RECORDS SHOWN:

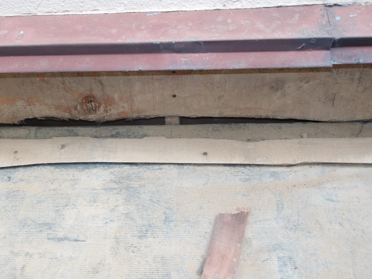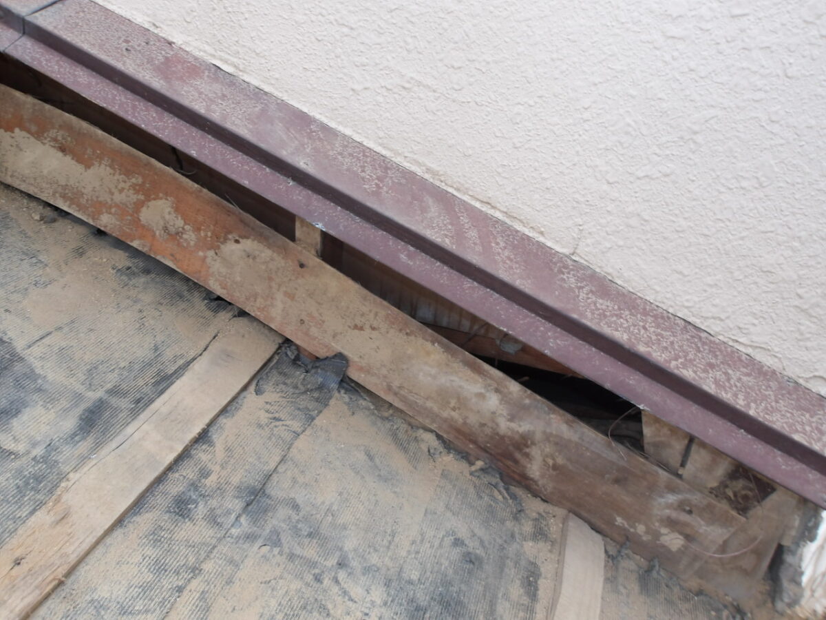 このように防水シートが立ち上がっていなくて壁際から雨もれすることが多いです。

---

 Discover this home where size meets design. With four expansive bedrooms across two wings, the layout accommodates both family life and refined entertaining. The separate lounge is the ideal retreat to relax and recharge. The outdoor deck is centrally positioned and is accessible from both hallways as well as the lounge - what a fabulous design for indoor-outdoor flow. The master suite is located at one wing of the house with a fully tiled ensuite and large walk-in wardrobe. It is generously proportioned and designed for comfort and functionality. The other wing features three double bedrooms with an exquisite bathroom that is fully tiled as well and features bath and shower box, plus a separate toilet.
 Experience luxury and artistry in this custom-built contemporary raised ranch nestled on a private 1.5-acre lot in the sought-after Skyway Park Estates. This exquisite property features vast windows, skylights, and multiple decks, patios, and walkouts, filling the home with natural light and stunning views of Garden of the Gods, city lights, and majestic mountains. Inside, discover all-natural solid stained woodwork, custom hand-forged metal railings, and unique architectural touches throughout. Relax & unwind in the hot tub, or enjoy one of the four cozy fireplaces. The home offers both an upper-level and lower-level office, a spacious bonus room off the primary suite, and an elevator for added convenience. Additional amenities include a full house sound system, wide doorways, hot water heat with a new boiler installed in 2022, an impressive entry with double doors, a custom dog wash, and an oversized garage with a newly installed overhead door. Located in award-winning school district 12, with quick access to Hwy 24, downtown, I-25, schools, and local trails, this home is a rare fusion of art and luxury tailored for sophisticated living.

EXERCISE BRIEF:
Could you return the lines in the entries above that contain "exquisite"?

WORKED SOLUTION:
 Discover this home where size meets design. With four expansive bedrooms across two wings, the layout accommodates both family life and refined entertaining. The separate lounge is the ideal retreat to relax and recharge. The outdoor deck is centrally positioned and is accessible from both hallways as well as the lounge - what a fabulous design for indoor-outdoor flow. The master suite is located at one wing of the house with a fully tiled ensuite and large walk-in wardrobe. It is generously proportioned and designed for comfort and functionality. The other wing features three double bedrooms with an exquisite bathroom that is fully tiled as well and features bath and shower box, plus a separate toilet.
 Experience luxury and artistry in this custom-built contemporary raised ranch nestled on a private 1.5-acre lot in the sought-after Skyway Park Estates. This exquisite property features vast windows, skylights, and multiple decks, patios, and walkouts, filling the home with natural light and stunning views of Garden of the Gods, city lights, and majestic mountains. Inside, discover all-natural solid stained woodwork, custom hand-forged metal railings, and unique architectural touches throughout. Relax & unwind in the hot tub, or enjoy one of the four cozy fireplaces. The home offers both an upper-level and lower-level office, a spacious bonus room off the primary suite, and an elevator for added convenience. Additional amenities include a full house sound system, wide doorways, hot water heat with a new boiler installed in 2022, an impressive entry with double doors, a custom dog wash, and an oversized garage with a newly installed overhead door. Located in award-winning school district 12, with quick access to Hwy 24, downtown, I-25, schools, and local trails, this home is a rare fusion of art and luxury tailored for sophisticated living.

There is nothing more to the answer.